§ WHAT YOU WILL DO:
Among the lines below, output only those between the line holding "Молодая мать с" and the line holding "約22.5帖の広々としたLD", inclusive, exactly as written and with no pictures.

§ MATERIALS PROVIDED:

* * *

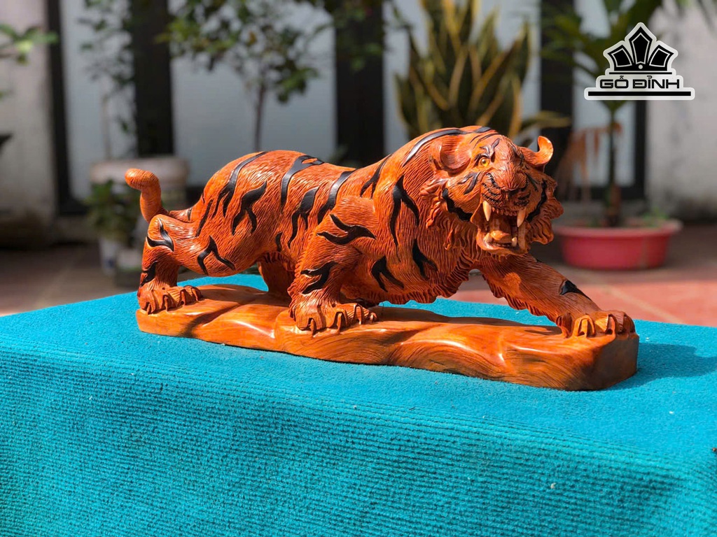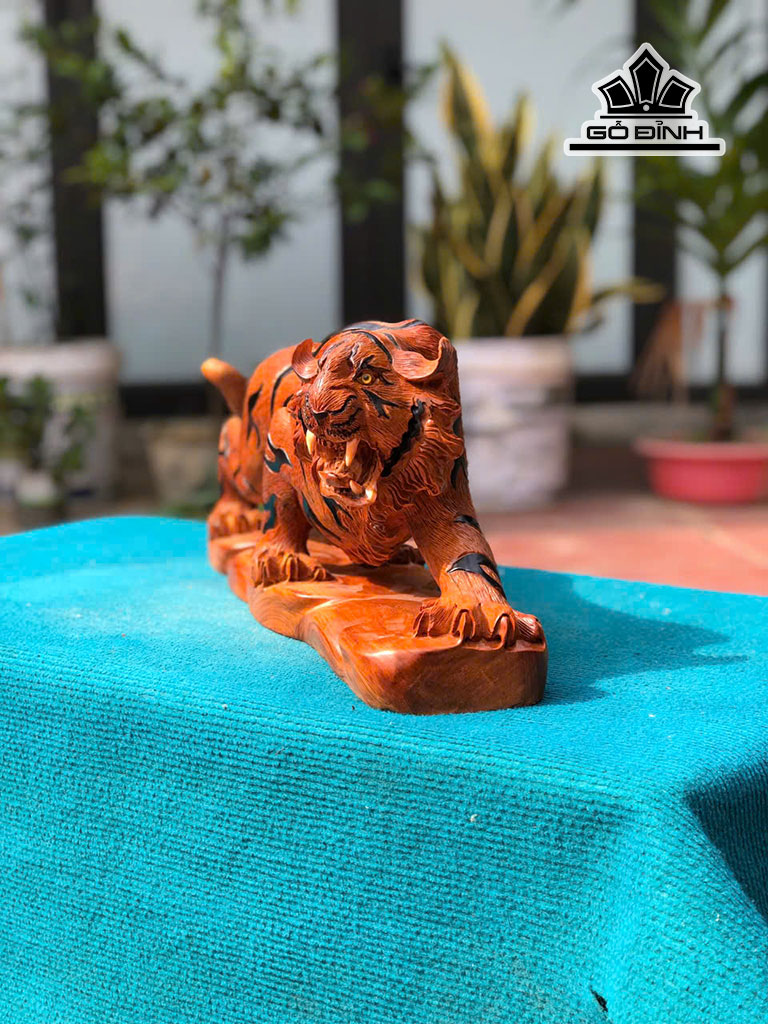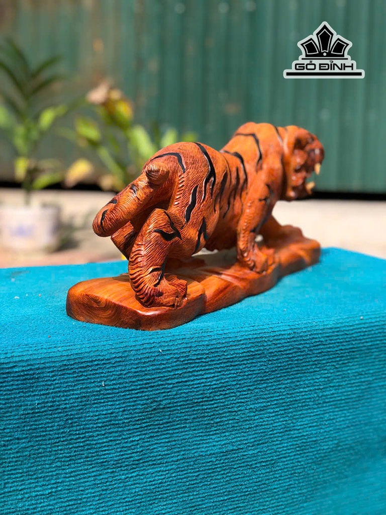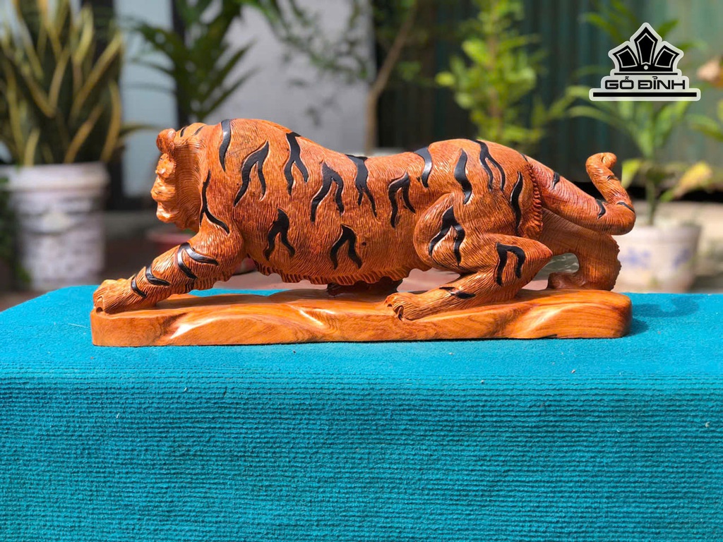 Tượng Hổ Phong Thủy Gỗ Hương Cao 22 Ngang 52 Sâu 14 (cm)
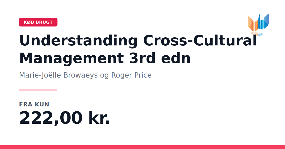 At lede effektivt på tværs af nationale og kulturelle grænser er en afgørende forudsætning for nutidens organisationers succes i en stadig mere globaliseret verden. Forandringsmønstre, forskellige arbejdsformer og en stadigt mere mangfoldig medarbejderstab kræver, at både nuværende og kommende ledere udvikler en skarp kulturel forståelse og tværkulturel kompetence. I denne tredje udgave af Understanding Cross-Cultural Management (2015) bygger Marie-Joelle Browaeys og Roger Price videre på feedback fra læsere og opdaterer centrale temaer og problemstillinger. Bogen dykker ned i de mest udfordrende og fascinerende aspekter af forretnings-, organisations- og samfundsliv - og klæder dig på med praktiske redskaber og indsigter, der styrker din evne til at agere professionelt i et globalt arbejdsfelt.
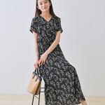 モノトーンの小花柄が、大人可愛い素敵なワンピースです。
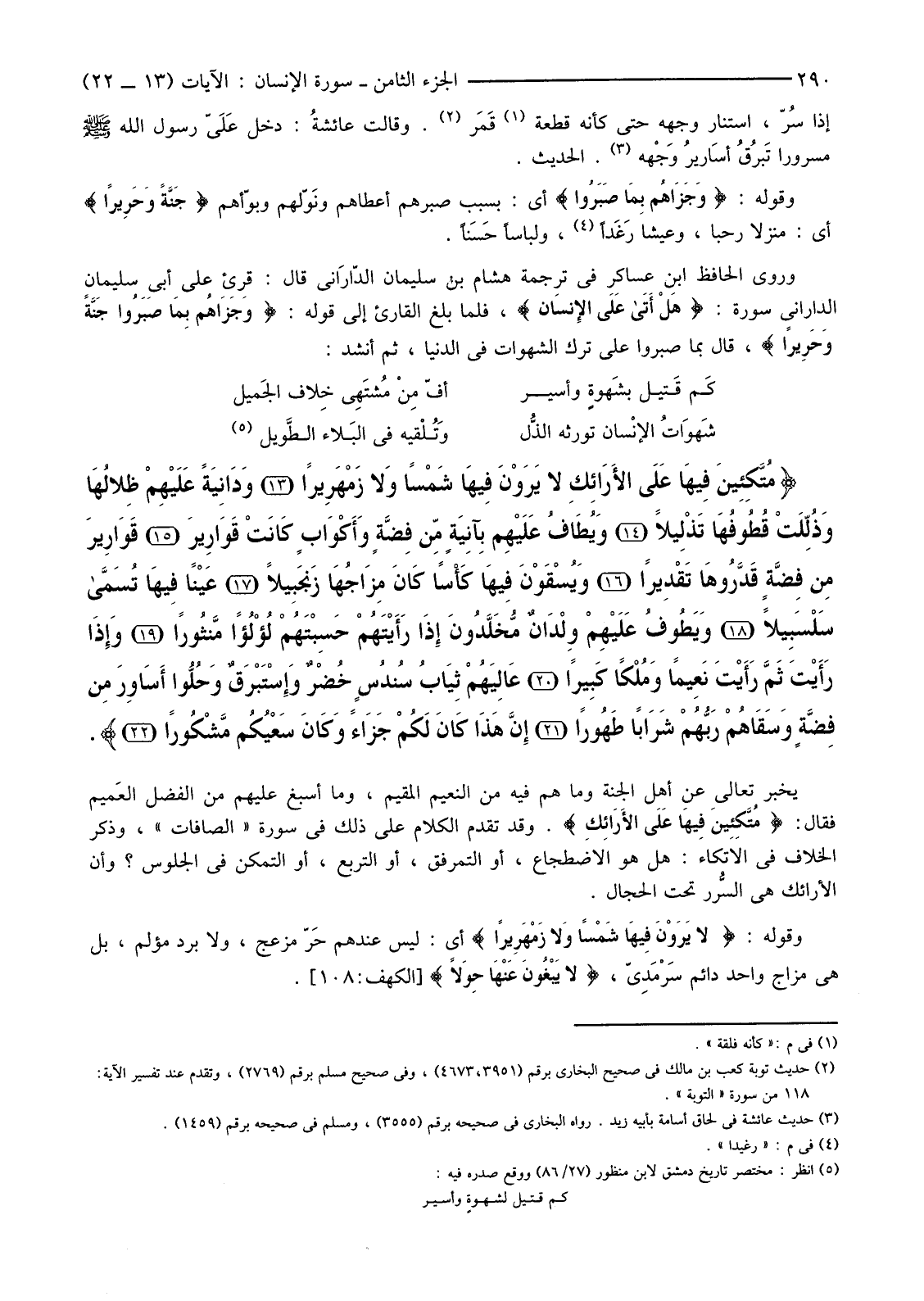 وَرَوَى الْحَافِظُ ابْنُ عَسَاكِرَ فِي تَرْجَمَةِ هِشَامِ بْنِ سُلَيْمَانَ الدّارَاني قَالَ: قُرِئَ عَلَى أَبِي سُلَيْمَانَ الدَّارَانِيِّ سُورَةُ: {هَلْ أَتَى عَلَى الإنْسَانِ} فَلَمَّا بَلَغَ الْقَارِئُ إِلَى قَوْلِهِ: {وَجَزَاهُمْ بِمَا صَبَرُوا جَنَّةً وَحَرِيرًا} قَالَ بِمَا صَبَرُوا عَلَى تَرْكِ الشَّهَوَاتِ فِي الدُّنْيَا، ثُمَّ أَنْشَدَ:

* * *

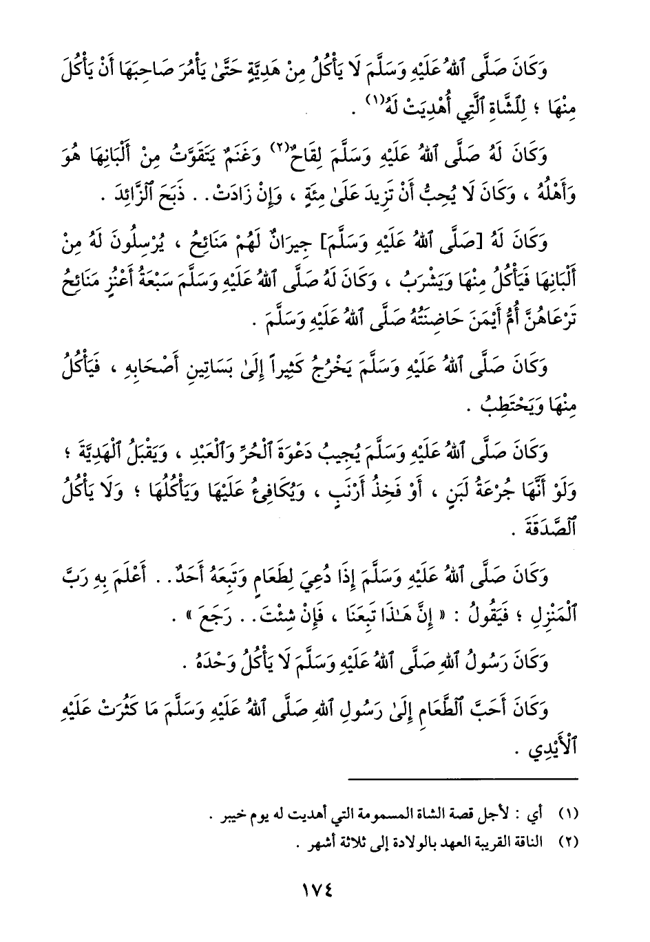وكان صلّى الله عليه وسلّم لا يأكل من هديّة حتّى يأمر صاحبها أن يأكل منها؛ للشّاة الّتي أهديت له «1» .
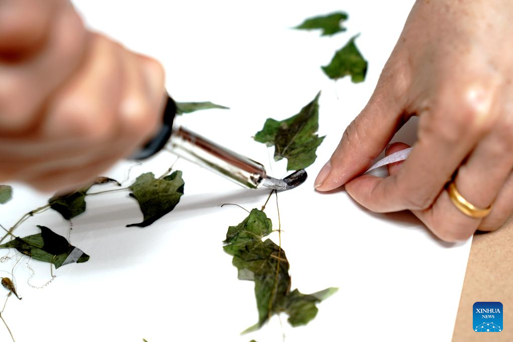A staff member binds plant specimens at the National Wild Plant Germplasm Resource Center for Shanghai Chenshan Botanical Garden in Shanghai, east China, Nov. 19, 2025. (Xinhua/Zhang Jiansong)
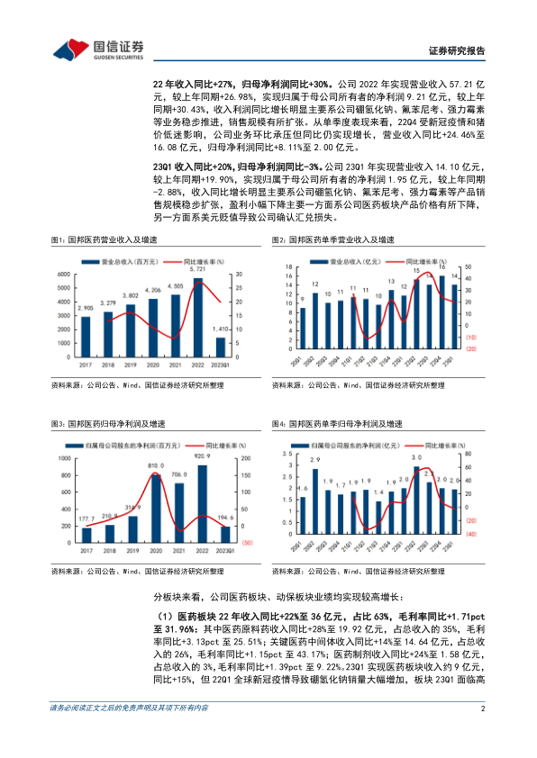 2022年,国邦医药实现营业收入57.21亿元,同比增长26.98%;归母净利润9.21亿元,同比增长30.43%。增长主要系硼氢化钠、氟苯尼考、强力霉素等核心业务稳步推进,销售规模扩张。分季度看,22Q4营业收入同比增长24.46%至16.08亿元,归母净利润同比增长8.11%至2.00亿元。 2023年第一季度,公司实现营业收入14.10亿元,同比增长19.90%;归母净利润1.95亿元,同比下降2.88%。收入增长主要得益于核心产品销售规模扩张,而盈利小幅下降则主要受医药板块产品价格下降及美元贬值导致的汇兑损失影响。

* * *

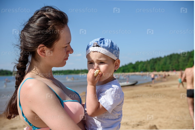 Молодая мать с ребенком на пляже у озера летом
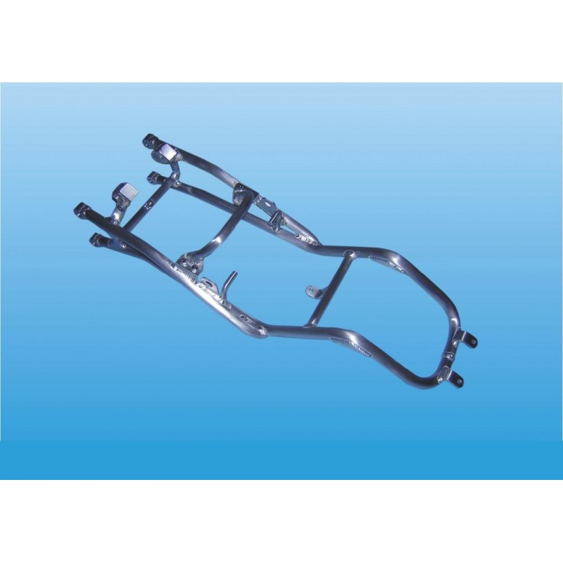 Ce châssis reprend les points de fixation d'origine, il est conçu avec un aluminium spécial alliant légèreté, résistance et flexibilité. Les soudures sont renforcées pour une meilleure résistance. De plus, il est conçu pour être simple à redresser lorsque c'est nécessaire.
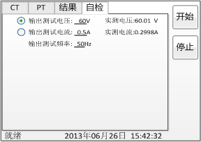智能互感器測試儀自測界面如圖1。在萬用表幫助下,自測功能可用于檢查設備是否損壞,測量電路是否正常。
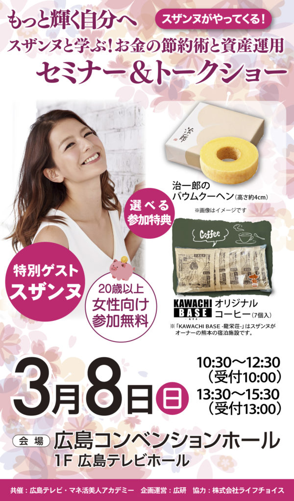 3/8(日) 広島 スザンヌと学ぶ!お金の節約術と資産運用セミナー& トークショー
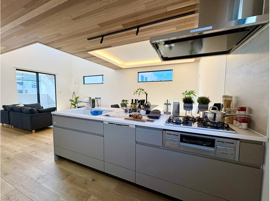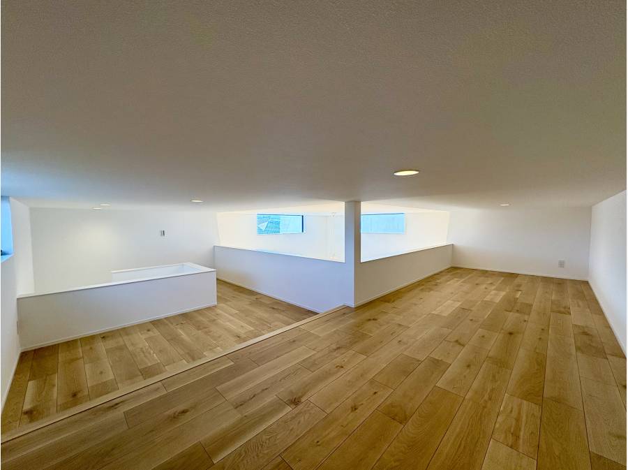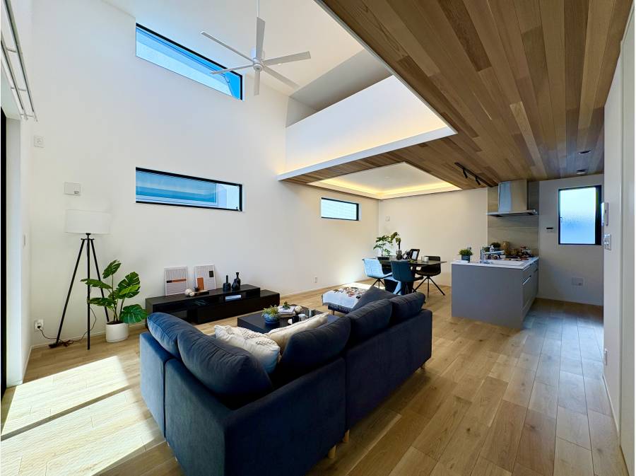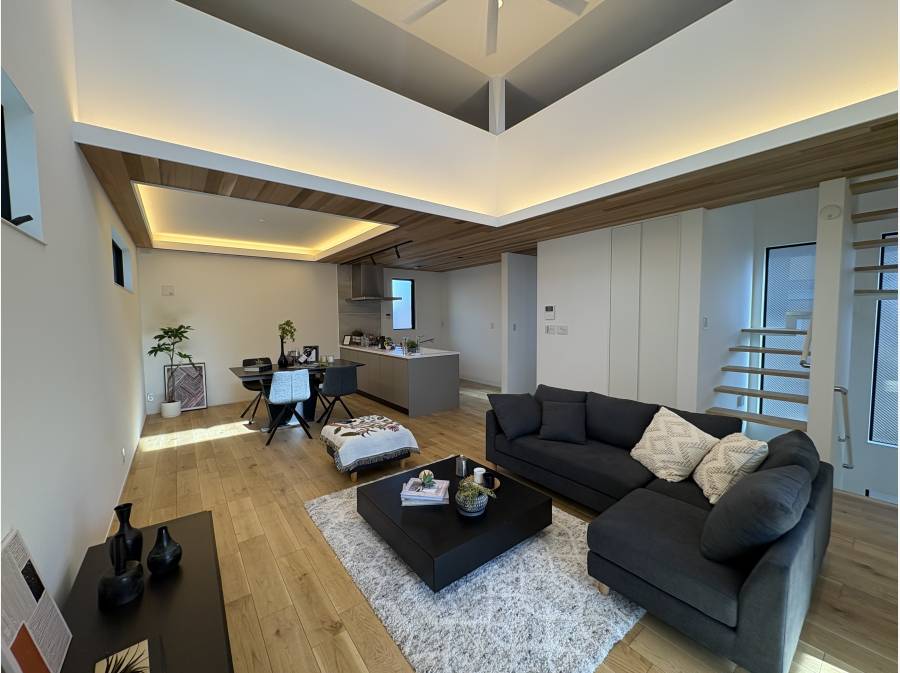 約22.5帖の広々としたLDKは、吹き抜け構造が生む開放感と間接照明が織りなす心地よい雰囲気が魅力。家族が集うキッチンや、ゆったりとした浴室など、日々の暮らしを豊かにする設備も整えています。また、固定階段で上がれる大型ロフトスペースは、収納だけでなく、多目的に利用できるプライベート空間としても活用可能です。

* * *

§ ANSWER BOX:
 Молодая мать с ребенком на пляже у озера летом
 Ce châssis reprend les points de fixation d'origine, il est conçu avec un aluminium spécial alliant légèreté, résistance et flexibilité. Les soudures sont renforcées pour une meilleure résistance. De plus, il est conçu pour être simple à redresser lorsque c'est nécessaire.
智能互感器測試儀自測界面如圖1。在萬用表幫助下,自測功能可用于檢查設備是否損壞,測量電路是否正常。
 3/8(日) 広島 スザンヌと学ぶ!お金の節約術と資産運用セミナー& トークショー
 約22.5帖の広々としたLDKは、吹き抜け構造が生む開放感と間接照明が織りなす心地よい雰囲気が魅力。家族が集うキッチンや、ゆったりとした浴室など、日々の暮らしを豊かにする設備も整えています。また、固定階段で上がれる大型ロフトスペースは、収納だけでなく、多目的に利用できるプライベート空間としても活用可能です。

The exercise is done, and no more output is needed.